If there was legislation that prevented the construction of high buildings along the edge of the water, local eel grass would have a much better chance of making a living in the post-industrial waters. Or perhaps if there were a charter for new occupants of the harbor, that outlines the presence and well-being of the water’s non-human creatures, residents might be better equipped to look out for their aquatic neighbors. Maybe an outpost for monitoring Baltic cod fishing on the harbor could help prevent illegal fishing of the fish that today faces extinction.
These are just a couple of the proposed plans that would help the Nyhamnen development to take care of the city’s coastal life. Not offered by the land developers, nor the city, but by a class of science students from the Malmö Latinskola gymnasium representing the different individual species that inhabit the city’s shores.
Through the Ocean Care workshop, Feral Malmö and Naturum Öresund worked with these students to become more acquainted with Malmö’s marine community, from the American Comb Jellyfish to the Baltic Cod. With each student speaking for a common character of the sea, the class was given the opportunity to present ideas to create a more just social-ecological community of human and non-human harbor residents.
In its current proposal, the Nyhamnen development will be built atop a now defunct section of Malmö’s post-industrial harbor for real estate and commercial enterprise—a companion to the Västra Hamnen neighborhood.
Today, the interior waters of the harbor are currently filled with leftover industrial sludge. In order to rehabilitate the waters there in some way, the new development will see the interior basins capped with four meters of fresh sediment. In addition to this capping, a couple of small islands will be built up out of the harbor, and a new waterway will be made through a section of the harbor. Capping the harbor floor will ensure that any new creatures that might seek to inhabitat these spaces will not be exposed to the toxic sediment below, even if they burrow into the floor.
Naturum Öresund has also proposed the introduction of bladderwrack algae to the harbor area.
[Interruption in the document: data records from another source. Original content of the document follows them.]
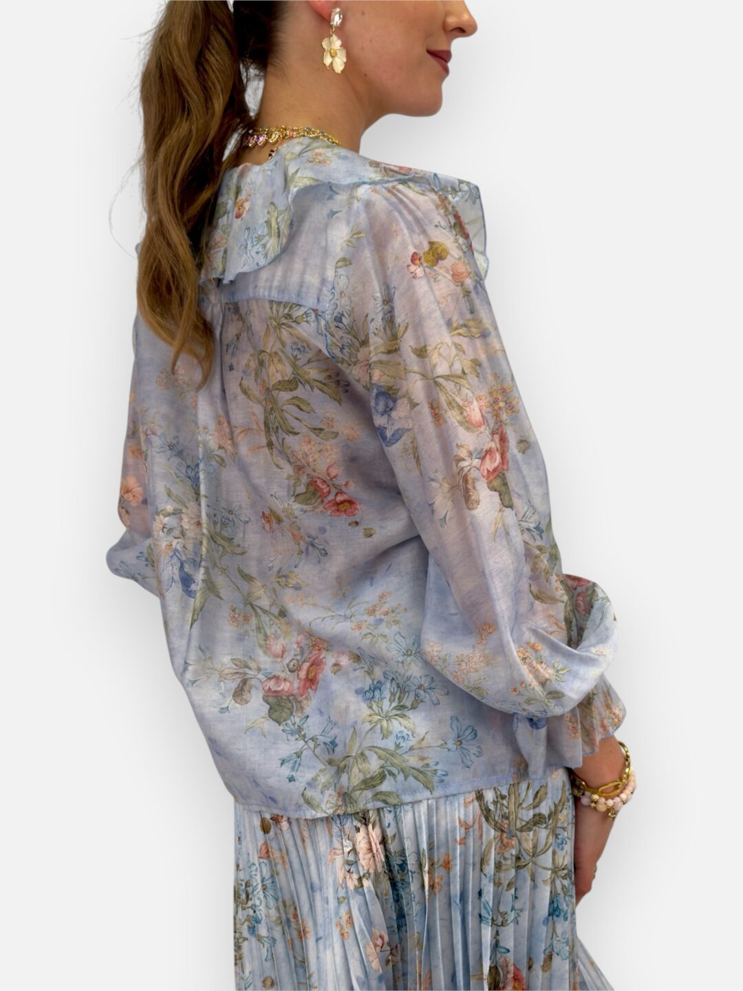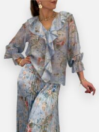 Sabine är blusen som får dig att vilja ta en extra sväng runt kvarteret. Den faller lätt och ledigt, medan det blommiga mönstret och de svepande volangerna skapar rörelse i varje steg. Romantisk, självsäker och med precis lagom dramatik – som att bära en hemlig kärlekshistoria mot huden.
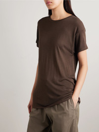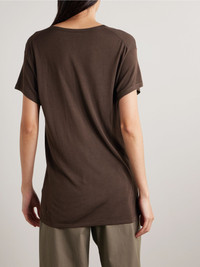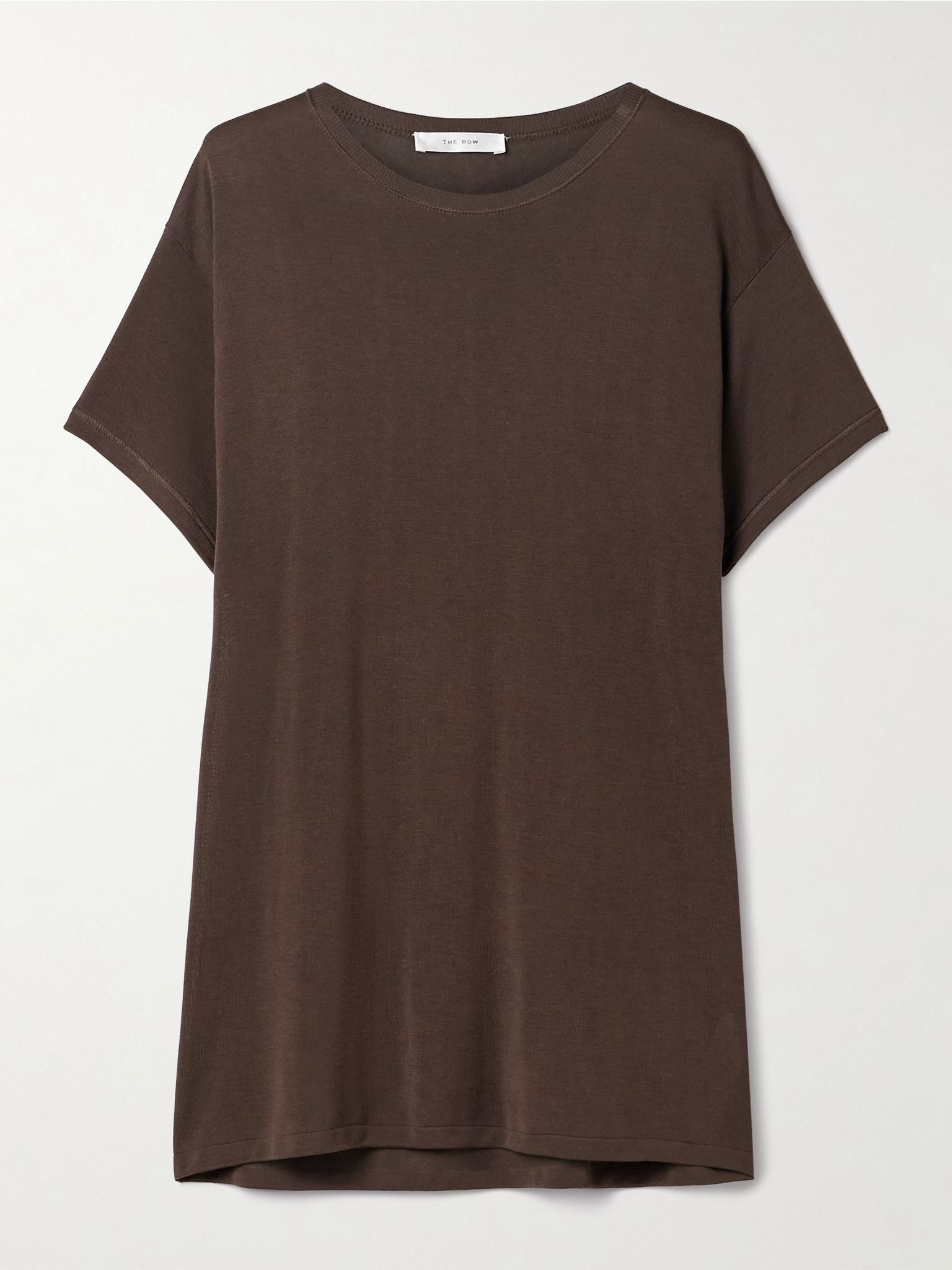 The Row is an expert when it comes to quality basics you'll reach for over and over, like this 'Kota' T-shirt. It's been made in Italy from fine jersey with a touch of silk for an even softer, fluid drape. The longline shape looks especially cool half-tucked into tailoring or jeans. Size & Fit - Fits true to size, take your normal size - Designed for a relaxed fit - Lightweight knit - Model is wearing a size Small Details & Care - Chocolate jersey - Slips on - 88% viscose, 12% silk
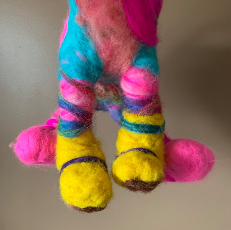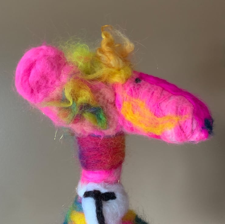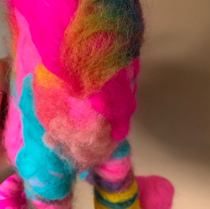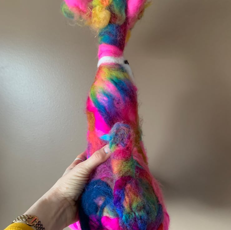 This vibrant, one-of-a-kind needle felted giraffe is bursting with colour and personality. Carefully sculpted by hand from wool, this whimsical creature features bold patterns, playful textures, and a charming character all its own.

Being a foundation for marine ecology in the Öresund, the bladderwrack would provide habitat, nutrition, and oxygen to a great multitude of species, and would lay the groundwork for a new ecological community and cleaner waters in these harbor areas. With the potential of new species finding their way to the harbor the Latinskola students were invited to think of ways to adapt the harbor for the new community.
In the first part of the ocean care workshop, each student was paired with a different species group or an “ocean actor.” The green crab, phytoplankton, the comb jelly, the cod—sixteen different actors in all that compose the current, post-industrial state of the Öresund were present in the decision making process. This included both local species that have been here for as long as anyone can remember as well as global species that have been introduced more recently, mostly by shipping industries. In the framework of the workshop, four groups of four species were put together, each group was then tasked to implement a policy or design to bolster the health of their social-ecological community.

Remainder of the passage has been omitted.